Arctic regional marine weather guide
Long before the daily forecast or the science of meteorology, satellites and computers existed, people were able to predict the weather to some degree, simply by watching the clouds. A combination of pattern recognition, association, environmental sensitivity, and common sense gave our ancestors all they needed about the weather to come. Most of these words of weather wisdom, passed down over the ages, are true much of the time; however, exceptions exist because each saying was based on a particular region. Variations in the direction of motion, time of year, local topography, and the unpredictability of some weather situations can change the expected outcome.

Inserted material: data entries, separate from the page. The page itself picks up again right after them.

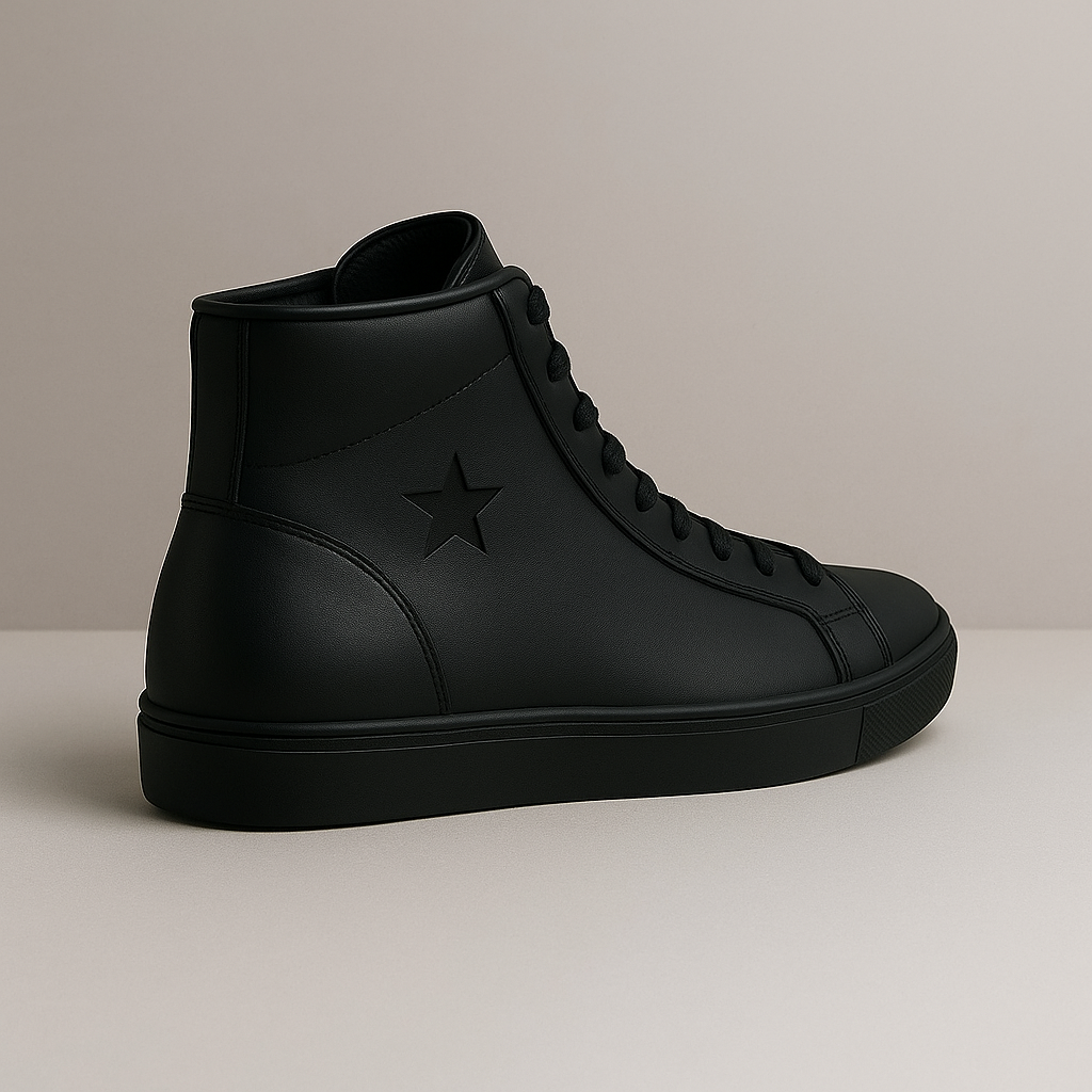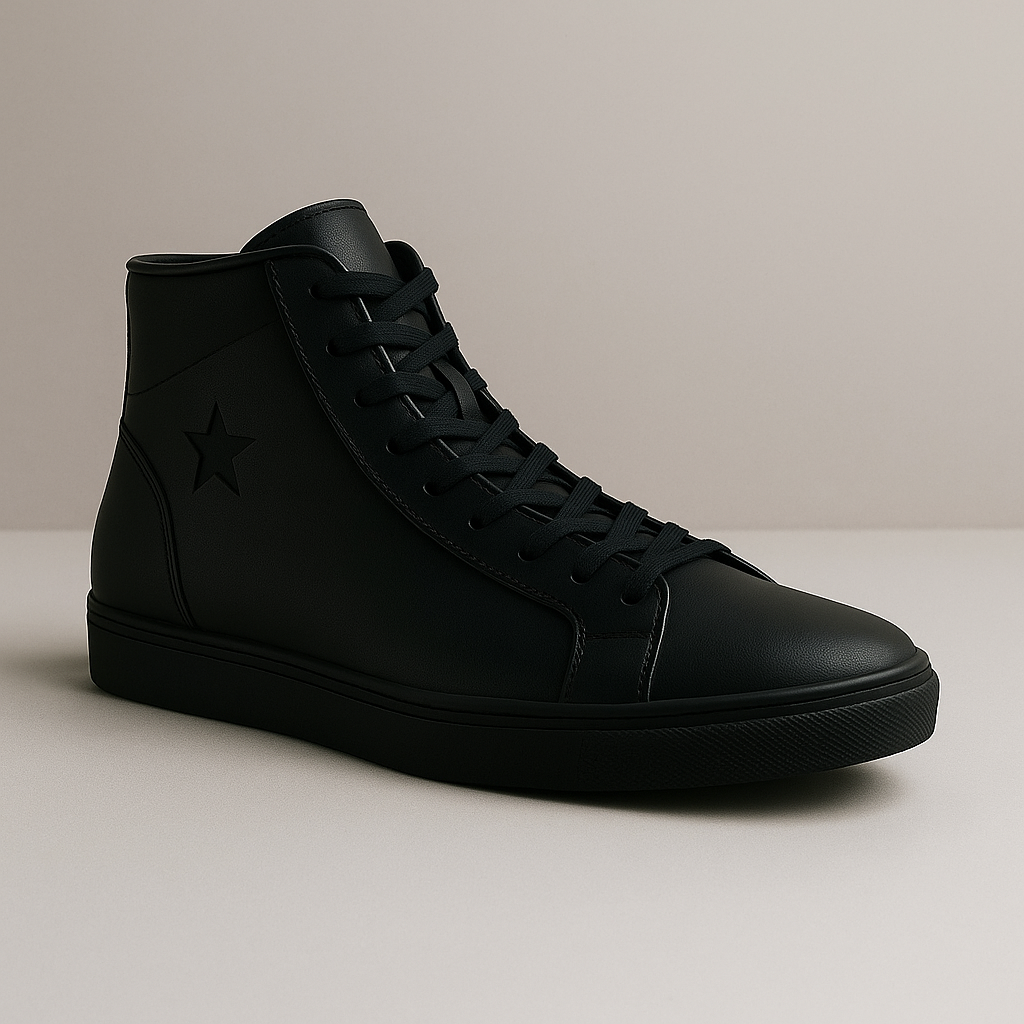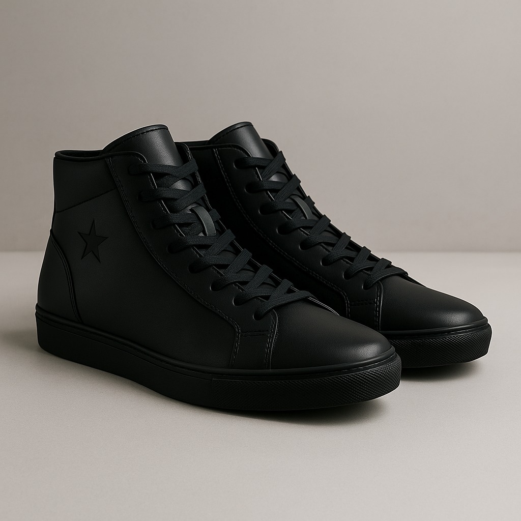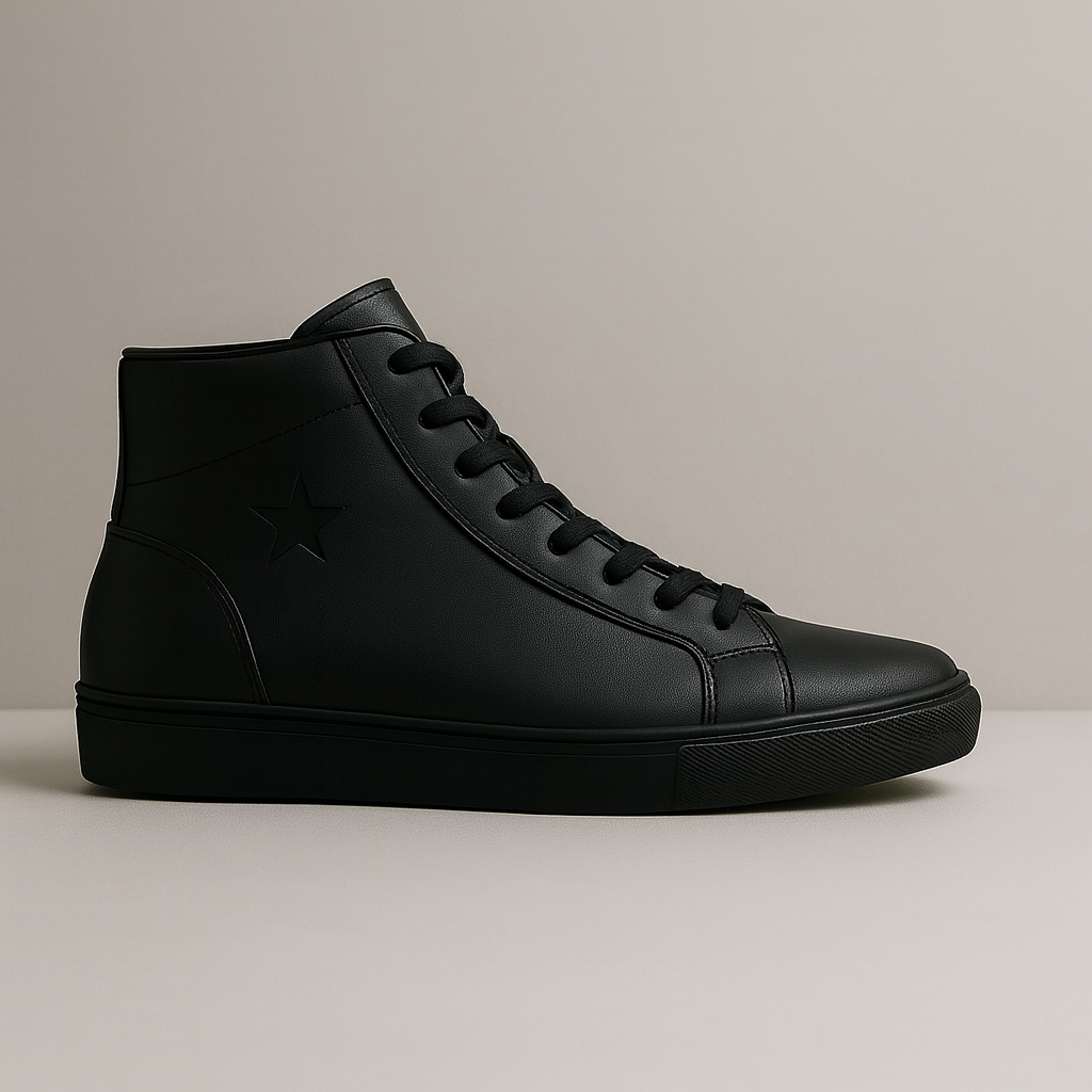 . Sleek, all-black vegan leather high-tops featuring a subtle debossed star detail. Your essential monochromatic sneaker.
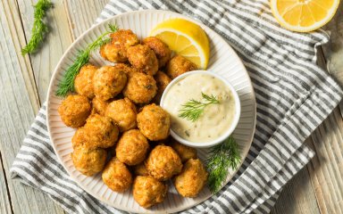 Делікатні рибні тюфтельки, запечені в духовці, подаються з легким йогуртовим соусом. Він також містить білок, але при цьому є менш калорійною альтернативою, ніж майонез або жирна сметана.
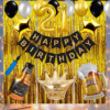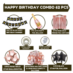 2 Pcs Rose Gold Fringe Foil Curtains + 1 Pc Black Birthday banner + 1 Pc Arch + 1 Pc Glue Dot + 3 Pcs Rose GOld star foil balloon + 2 Pcs Black Star Foil balloon + 45 Pcs Rose GOld balloon + 6 Pcs Rose Gold Confetti balloons + 1 Pc Lets Party Foil balloon
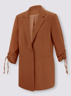 Blazer In angesagter Longform. Mit optisch streckendem Reverskragen und formgebenden Teilungsnähten. 3/4-Ärmel mit Raffung. Schulterpolster für einen perfekten Sitz. Leicht gefüttert. Knopfverschluss Ton-in-Ton.
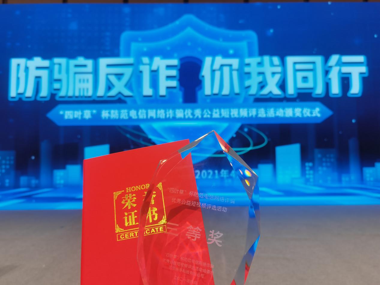 2021年4月14日下午,“四叶草”杯防范电信网络诈骗优秀公益短视频评选活动颁奖仪式在国家会展中心举行,华东师范大学传播学院学生团队作品《数说电信网络诈骗:昼警夕惕方可休》获得三等奖。
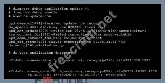 Question 28: When investigating FortiGuard connectivity issues, which act...
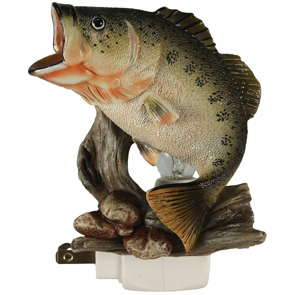 The 3D bass night light from River's Edge Products showcase a largemouth bass next to a piece of wood and rocks. Features an automatic on/off sensor, and fully adjustable rotating head. The rotating head is constructed of a durable hand painted poly resin with excellent attention to detail. The light operates on 120V AC and includes a bulb. The light is also UL approved. Light up any bedroom or bathroom in style. Makes for a perfect gift idea for any outdoor enthusiast.
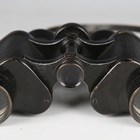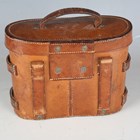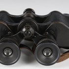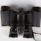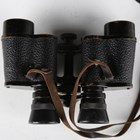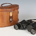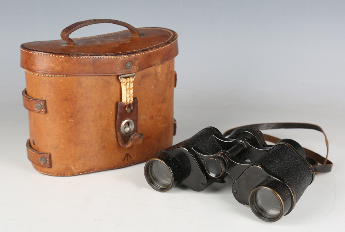 A pair of early 20th century 8x binoculars by Helles, Paris, with black finished body and leather neck strap, with an associated military issue stitched leather case by John & Bennett Green, dated 1916 and detailed 'Case No. 2, Mark I, Prismatic Binocular'.
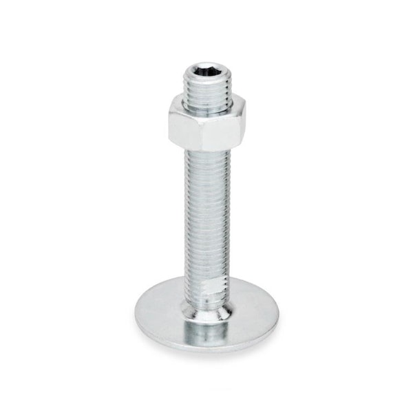 GN 40 leveling feet are simple, economically priced components. The static load rating of these feet is limited due to the acceptable load rating of the stud. The values given in the table assume a straight compressive load, perpendicular to the foot. The bending and buckling stress factors often found in the actual application reduce the load rating of the stud, and must be compensated for accordingly.

This guide contains information on local weather effects for the waters of the Canadian Arctic that are identified as “marine transportation corridors,” including the Beaufort Sea, Kitikmeot Coast, High Arctic, Foxe Basin, Hudson Strait, Baffin Bay, Davis Strait, Great Slave Lake, Mackenzie River, and Hudson Bay. It is intended for use only during the active (open-water) marine season.
Example of one of the local effects maps in the publication.
This guide will provide mariners with practical information and advice on safe navigation on the wide range of weather conditions they may encounter while traveling in Canadian waters. It is recommended that you download and read the MET 101 portion of the National Marine Weather Guide first in order to better understand the meteorological concepts, local weather, wind, sea state, and ice conditions described in the Arctic Regional Marine Guide.